In its largest acquisition to date, search engine giant Google announced that it will buy Motorola Mobility for $12.5 billion – a move that could prove lucrative for both businesses.

The deal, which has been approved by both companies' boards, is expected to be closed by the end of 2011 or in early 2012.

In a press release, Google stated that the acquisition of Motorola Mobility will increase competition in the smartphone market and enable it to "supercharge" its Android operating system.

Google pointed out that Android has been the sole smartphone operating system of Motorola since 2008. Though Android will remain an open platform, the acquisition will create greater innovation for the mobile OS and for Motorola devices, Google stated.

"Motorola’s total commitment to Android in mobile devices is one of many reasons that there is a natural fit between our two companies," wrote Google CEO Larry Page on the company's blog. "Together, we will create amazing user experiences that supercharge the entire Android ecosystem for the benefit of consumers, partners and developers everywhere."

The deal could prove timely for both Motorola and Google. Though several of Motorola's smartphones have been critically acclaimed, it has struggled in the market in recent months. According to the company's most recent financial earnings report, Motorola posted a net loss of $56 million during the second quarter of 2011, despite shipping 4.4 million smartphones.

"We have shared a productive partnership with Google to advance the Android platform, and now through this combination we will be able to do even more to innovate and deliver outstanding mobility solutions across our mobile devices and home businesses," said Motorola Mobility CEO Sanjay Jha.

Google, meanwhile, has the potential to benefit from Motorola's intellectual property. As a Reuters report pointed out, Google's success in the smartphone market has been marred only by its lack of intellectual property. Furthermore, the company was recently denied the opportunity to purchase thousands of patents from Nortel, the news provider noted.
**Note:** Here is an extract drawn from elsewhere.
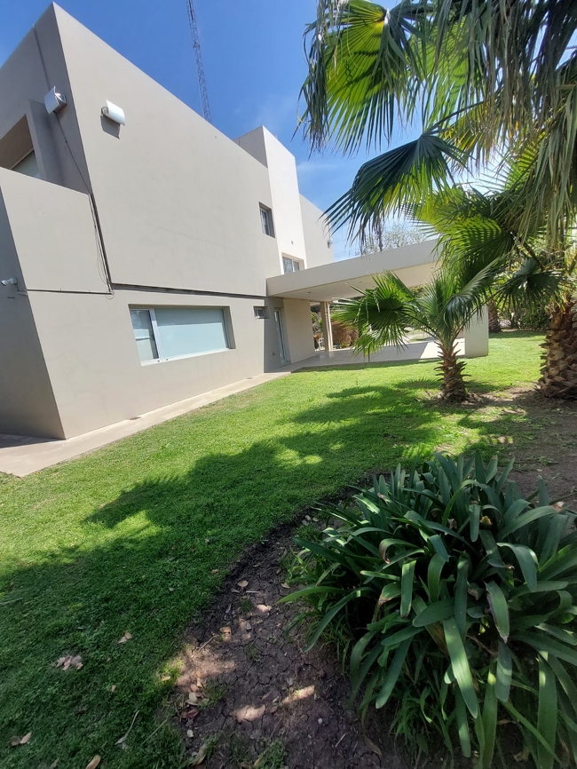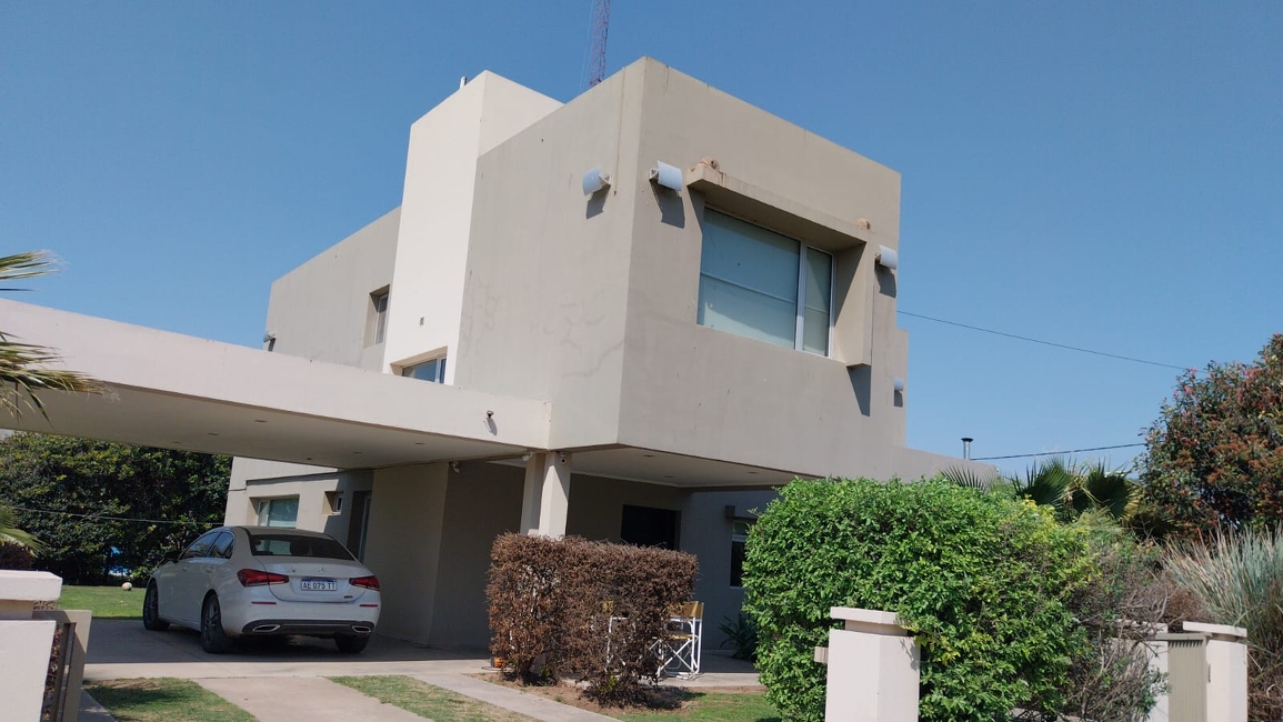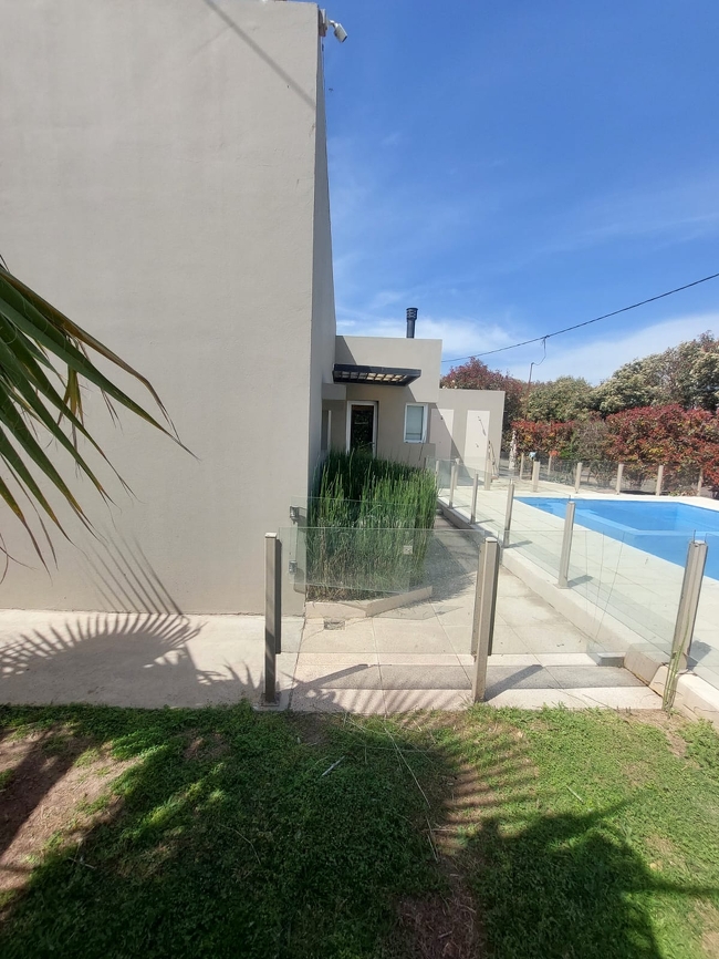 Descripción: Propiedad ubicada en barrio cerrado "La Chacra", tiene un terreno con una superficie total de 1030,00 metros cuadrados con frente al Nord Este. El inmueble se divide en dos plantas, por un lado la planta baja cuenta con 166,60 m2 distribuidos en una cochera para dos vehículos de forma horizontal, amplio espacio que se compone de cocina, estar - comedor, baño de servicio, sala de audio y video tipo "cine" que puede adaptarse a un cuarto dormitorio, living exterior, quincho completo, y pileta con solarium de unos 42,00 m2 con bomba sumergible. La planta alta cuenta con 104,00 m2 donde se encuentra un baño, tres dormitorios, uno de ellos en suite y con vestidor. Todos con gran luminocidad y ventilacion. Una hermosa propiedad para un gran confort y tranquilidad conectando con la naturaleza.

The real benefit to Motorola, though, is Android's continued dominance of the smartphone market. According to recent figures from research firm IDC, Android will account for 38.9 percent of the booming smartphone OS market by the end of 2011. Furthermore, the open source OS is expected to capture 43.8 percent of the market by the end of 2015, putting it well ahead of its then-nearest competitor, Windows Phone, with 20.3 percent.